Equally painful is the repetitive “How We Do It Over Here,” which finds Missy Elliott delivering a chorus more cringe-inducing than nails on a chalkboard. Will.I.Am and Kelis also don’t do Busta any favors on the atrocious single “I Love Bitch,” which may hold the world record for most uses of the “B” and “N” words in less than four minutes.
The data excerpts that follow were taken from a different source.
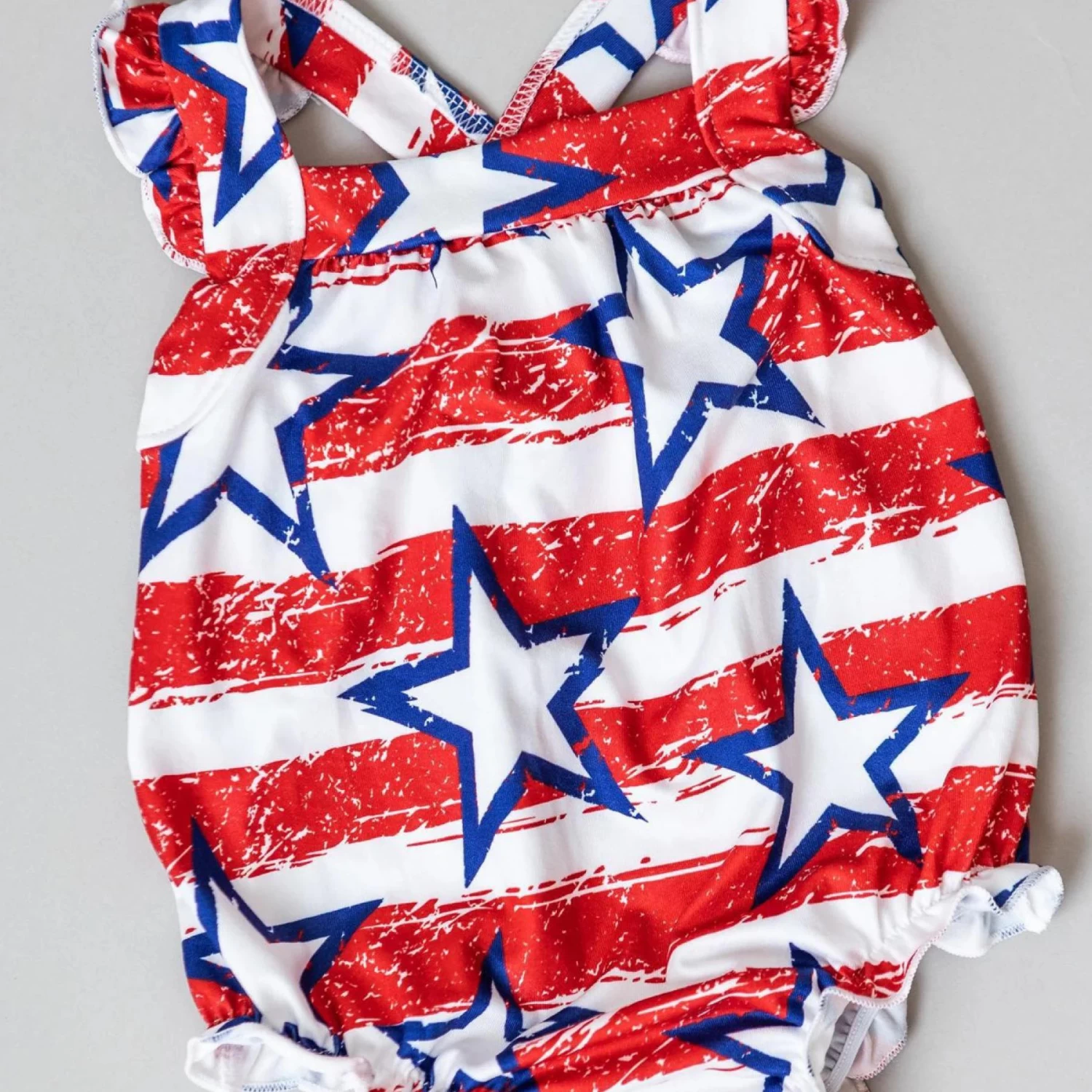 This Strappy Romper is perfect for summer! Straps criss cross in the back and are finished off with a sweet ruffle on the shoulder. Snaps for easy diaper changes.Â
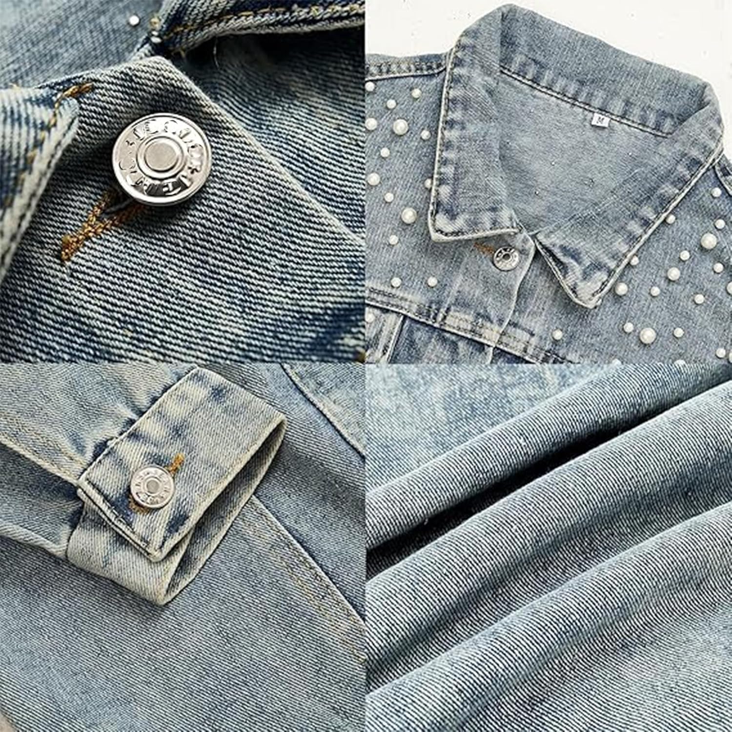 DESIGN FEATURES: Traditional jean jacket styling with button front closure, chest pockets, and adjustable button cuffs
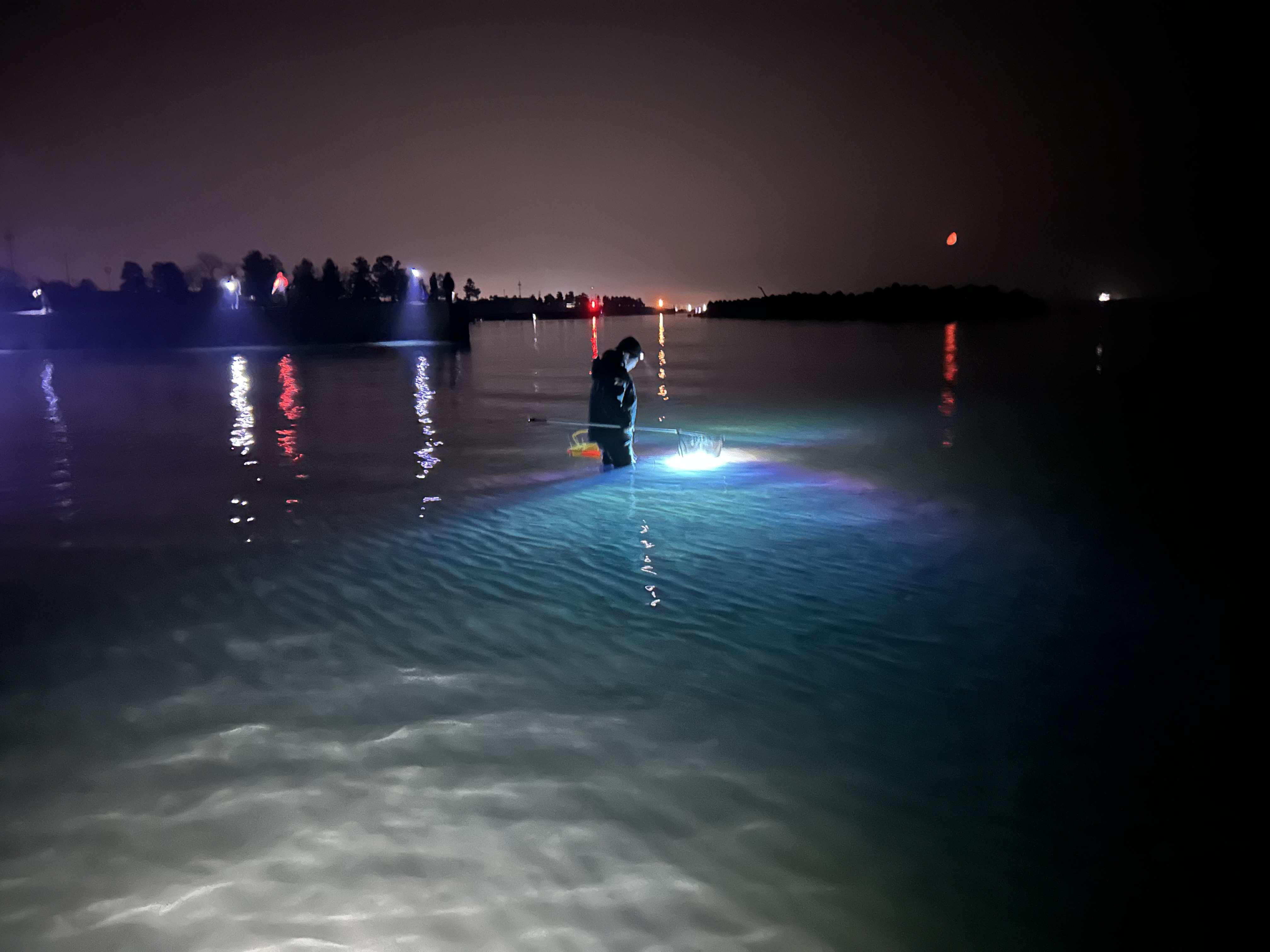 今回は以前からやってみたかった、今が旬の富山県のホタルイカ掬いに初挑戦してきました。イメージとしては暗くなってからウェーダーで海に入り、ヘッドライトで水中のホタルイカを探し、掬う。当日は家を13時に出発し、寄り道しながらまだ明るい時間に到着し、ポイントチェック。その後は妻の友人家族と回転寿司で寿司を食べながらのホタルイカ地元情報を収集。最近は夜中の2時頃からホタルイカが湧く事が多く、仮眠をして1時から開始。風向きでポイントも決まってくるらしく、言われるがままにおすすめポイントで1時からスタート。ヘッドライトにウェーダー、フロートを付けたカゴに水中ライトは今回のホタルイカの為に購入。夜中なのに浜には沢山の人がホタルイカを探しまわっていて、テンションが上がります。ただこの日はまさかの誰もホタルイカを掬う事ができず、残念な日となってしまいました。周りの人は良型のイワシを何匹か掬っている人がいました。今回の経験を活かし、次回は爆ワキの日に行きたいと思います。

Fortunately, several other high-caliber guest appearances assist on some great tracks. Stevie Wonder guests on the introspective “Been Through The Storm,” where Busta recalls his childhood and rise to fame over a melodic piano loop. Meanwhile, “In The Ghetto” is a funky tribute to early struggle, featuring one of the last appearances by the late Rick James. Raekwon, Busta Rhymes’ Cuban Linx 2 cohort, helps deliver the drug tale “Goldmine,” backed by vintage-sounding Wu-Tang beat surprisingly produced by Eric Sermon.

With the recent loss of his famed dreadlocks, Busta seems to have toned-down his typically animated character, but still delivers good verses throughout. In the end, The Big Bang isn’t the second Coming, but it is a step in the right direction for both Busta Rhymes and New York’s hip-hop scene, which have both suffered in quality as of late.